I love to travel. I have from as far back as I can remember. One of my favorite poems as a child was, Monday’s child is fair of face, Tuesday’s child is full of grace, Wednesday’s child is full of woe, Thursday’s child has far to go…
I was born on a Thursday. I had my mother read this poem over and over to me. Even then I loved our family trips. Each summer my mother insisted we travel, something uncommon for many farm families at that time. I remember being hungry for the sight of a body of water that you could not see across (and that was Lake Michigan, when I was 9) and a mountain, which was the Smokies, when I was 11 (and the sight frightened me. What if it fell?)
When I was 21, my mother gave me a porcelain figurine of Thursday’s child holding a back pack and a sign, “This child has far to go.” It was not long after this that I packed my car with every possession I owned and moved to California. I drove through the Rockies, the western most known place in my world and drove on through the high country of western Colorado, the salt flats of Utah, into the blue plains of Nevada. By the time I reached the red soils of the Sierra, and descended into the Valley and on to the coastal range of northern California, my soul had embraced the West and I knew I could never move back.
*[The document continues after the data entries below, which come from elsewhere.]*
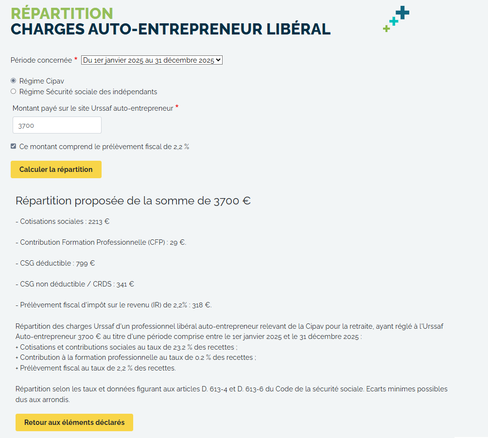 - Calcul du taux social applicable selon la période et le régime choisi (auto-entrepreneur relevant pour le retraite de la Cipav ou du régime général des indépendants).
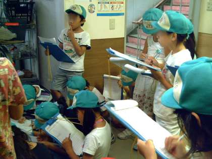 18日(金),社会科の学習でスーパーマーケットに行ってきました。行ったところは,フレスコ寺町店です。着いてすぐに店長さんに挨拶をして,店内を30分間見学しました。あちこちの棚を見て回ってはメモをとる子。魚のパッケージに目を止め「このエビ,インドネシアから来てる」「この魚は,長崎からや〜」「魚によって,来てるところが違うんやね〜」と感心している子。店員さんに話を聞いている子。お客さんにインタビューしている子・・・など,とても活発に活動していました。その後,2階に上って倉庫を見せていただき,そこでいろいろ質問に答えていただきました。仕事の中で工夫していること,気をつけていること,仕事をしていて嬉しかったこと,お勧めの品は?などたくさん質問をしました。店長さんは,子どもたちの純粋で素朴な質問に,とても丁寧に答えてくださいました。それを聞いて、子どもたちも驚いたり,感心したりの2時間でした。
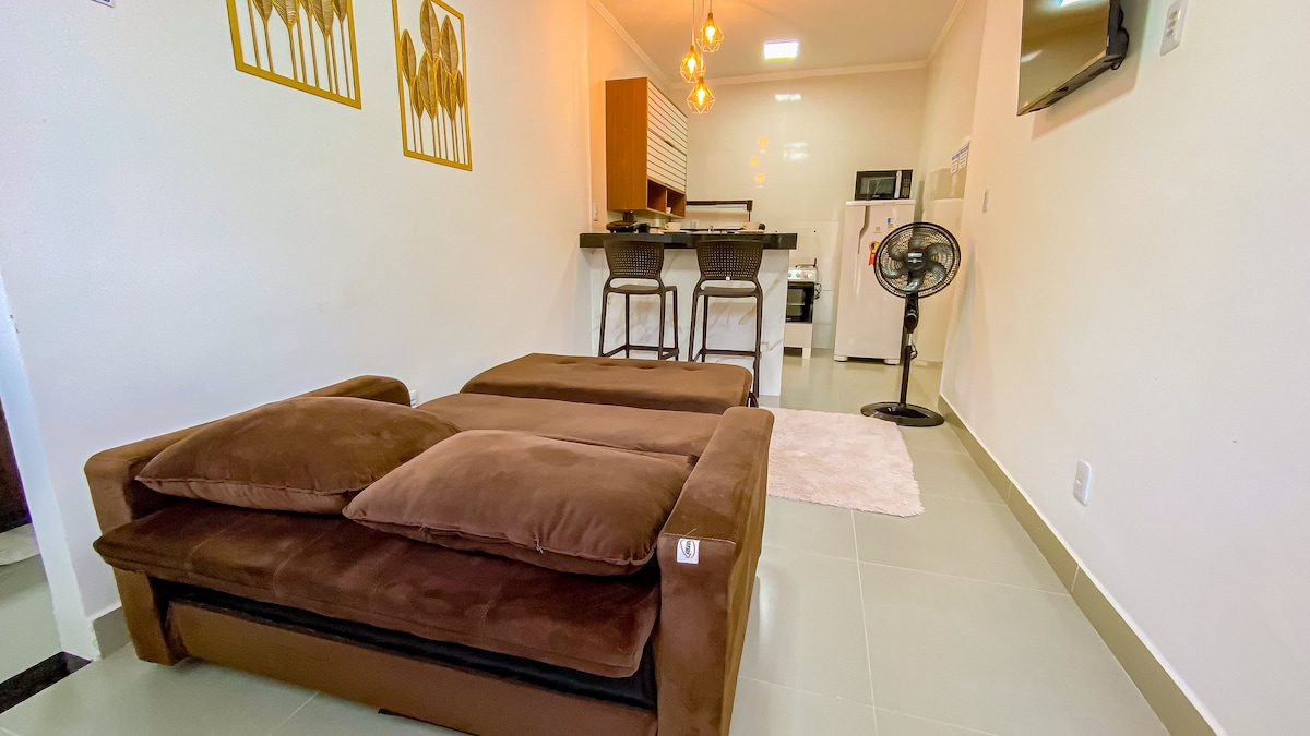✅ VALOR COMERCIAL EN TEMPORADA ALTA PARA MÁS DE 3 PERSONAS La villa disfruta de comodidad y practicidad en este APARTAMENTO para un máximo de 5 personas en el Boulevard da Praia Hotel en Porto Seguro. Se encuentra a solo 100 m de la playa de Taperapuã y cerca de la tienda de campaña Axé Moi. El apartamento cuenta con dormitorio con aire acondicionado, capacidad para hasta 3 personas ( 1 cama doble y 1 individual o 3 camas individuales) y sala de estar con un sofá cama para 2 personas y un ventilador de techo. ¡Ideal para relajarte y disfrutar de lo mejor de Bahía !

But I also continue to crave travel. It is as if, as rooted as my soul is in the soil of our ranch, it requires the larger perspective of where we are on the planet. I count visitations like beads on a rosary: the first time we flew over Spain and on into Rome, the first time we flew over the pole and saw the midnight sun illuminating snowy mountains of Greenland, the first time I saw the isle of Ireland from the air! I am continually feeling a place in comparison with that upon which I live.
And yet I have to question this passion of mine to experience the totality of our planet. What is the impact of travel on our climate? High altitude flying produces carbon emissions that are profoundly impacting our atmosphere and contributing big time to climate change. Train travel is much more planet friendly, producing about 1% of the carbon emissions of airline travel.
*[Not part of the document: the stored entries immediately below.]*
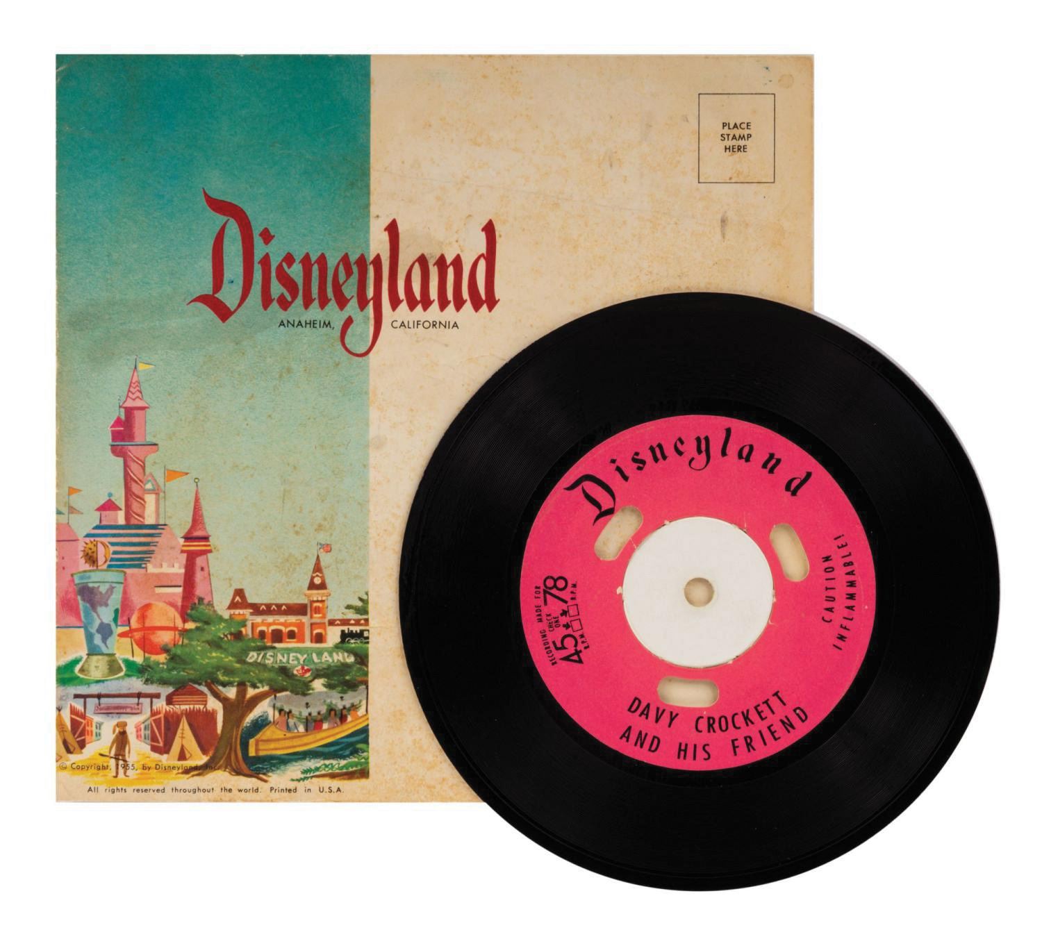 (Disneyland, c.1955) A "Davy Crockett and His Friend" 6-inch Disneyland 45rpm record. Recorded at the short-lived recording booth at the entrance of the Main Street Arcade, the approximately 2-minute recording features pre-recorded Donald Duck audio introducing a young Park guest who recorded himself singing the Ballad of Davy Crockett within the unique recording booth at the Park. It is contained in the mailing sleeve with colorful Magic Kingdom motif. Measuring 6" in diameter, the 45rpm record is in fine condition with minor surface wear.
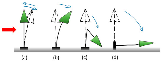 Shapes of tree deformability and instability due to wind action (the direction of wind is represented using the red arrow). (a) Bending and elastic buckling of the trunk, in which case the trunk returns to its original vertical position, (b) bending and plastic buckling of the trunk, in which case the stem remains deformed, (c) breakage of the trunk, and (d) overturning the tree by uprooting. Adapted from [7].
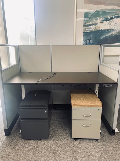 Furniture image Used Adjustable Height Table Desk & Cube & Cushion Top Mobile File Pedestals New or Used Used Furniture Category: Desk Examples
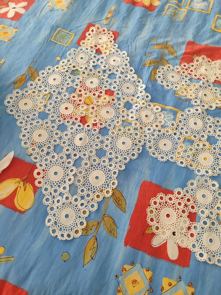 El yapımı dantel masa örtüsü, renkli kumaş üzerine detaylı yuvarlak desenlere sahiptir. Her mekâna zarif ve sanatsal bir dokunuş katar. hiç kullanılmamış yenidir
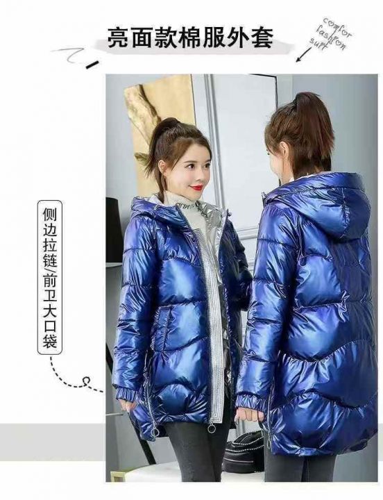 免洗棉服女亮面,韩版棉衣女中长款冬季宽松加厚连帽羽...
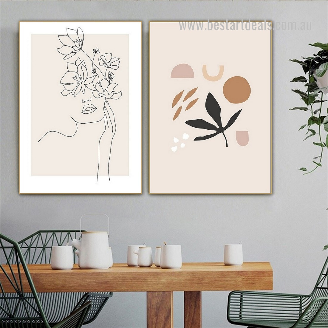 This set of two art prints was inspired by the artist Henri Matisse. While one canvas illustrates a figure in black on a nude background with typographical elements, the other is a face made through a figure in a line pattern. Both prints are of Scandinavian abstract art nature and will bring a touch of minimalism to the walls of your home.
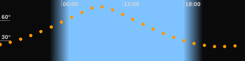 | Höchster Stand (Kulmination) | 09:47 Uhr (h = 80,1°) |
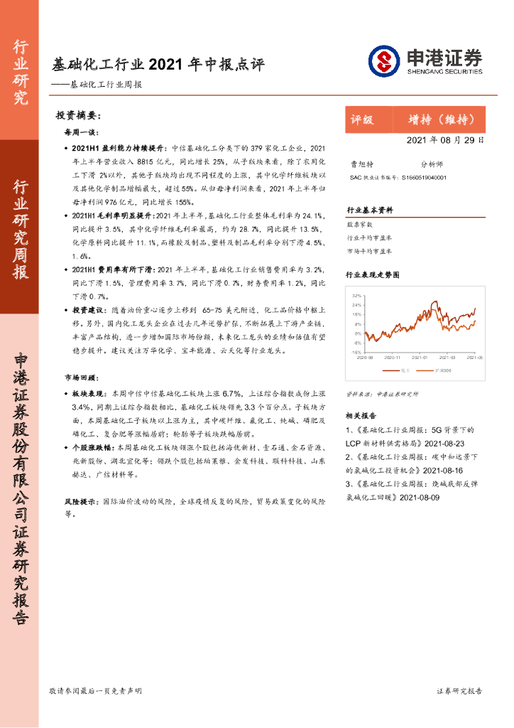 申港证券:基础化工行业周报:基础化工行业2021年中报点评.pdf
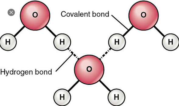 수소가 산소 혹은 질소와 같은 전기음성도가 큰 원자와 공유결합을 형성할때 결합을 형성하는 공유전자쌍은 수소로부터 전기음성도가 큰 원자쪽으로 쏠려 배치되며 이로 인해 수소는 부분적으로 양성의 전하를 띄게 됨. 그 결과 부분적으로 양전하를 띈 수소원자는 주변에 위치하는 분자내의 전기음성도가 큰 원소의 비공유전자쌍과 인력 현성이 가능한 위치까지 근접하는데 이러한 약한 인력을 '수소결합'이라고 함. 수소결합은 대부분 극성분자들 사이에 나타나고 물의 구조와 화학적 특징을 결정함에 중요할 뿐 아니라 생체에서 나타나는 거대분자들의 상호작용 및 구조에 영향을 미침.

What is this compulsion to see the world? Again, I return to childhood: my mother’s family lived in the city. Her father was a successful commercial artist, and her family traveled whenever possible, traveling by train from central Illinois to the West Coast shortly after the First World War, driving to the top of Pike’s Peak when the road first made it accessible by Model T, and thoroughly exploring Appalachia with my then young mother. On the other hand, my father’s family farmed. His mother left the state of Illinois twice, once to visit her grandmother in Ohio when she was in her late teens, and once to Missouri when I was a young girl. Both times she became so homesick she never wanted to leave the state, and probably, our Macon County! again.
I have an image as a two or three year old child of standing between both my grandmothers and holding them by their skirts. Probably I was being doted upon! I remember saying, “Two Mee-maws!” It is a memory I carry to this day. I was a bridge between my mother and father, between the city and the country, between loving travel and loving homeland.
In Napa County, California, we are becoming as overrun by tourists whose primary draw is said to be the beauty of the Valley as we are by dependence on their dollars. Focus has become how to draw even more tourists, and to extract as much money from them as possible. In the next blogs I will focus on this phenomenon which is occurring worldwide: a transition into a tourist economy. It is a trend that undermines the integrity of community, making it difficult or impossible for the children of locals and service providers to afford to live in the community. As venture capitalists move in and wealthy families buy up attractive land for second homes, inflating property values, the social and ecological health of the community suffers. It becomes less about community and more about profit.
I am well aware of my contribution to this tourist economy in my travels, whether that be in Ireland or Spain, in San Francisco or even in my home of Napa County. But how do we work to support healthy economies and social structures in such places that others also want to experience? What is it we are really searching for as tourists? And how do we balance that with the health of the community and the land under our feet?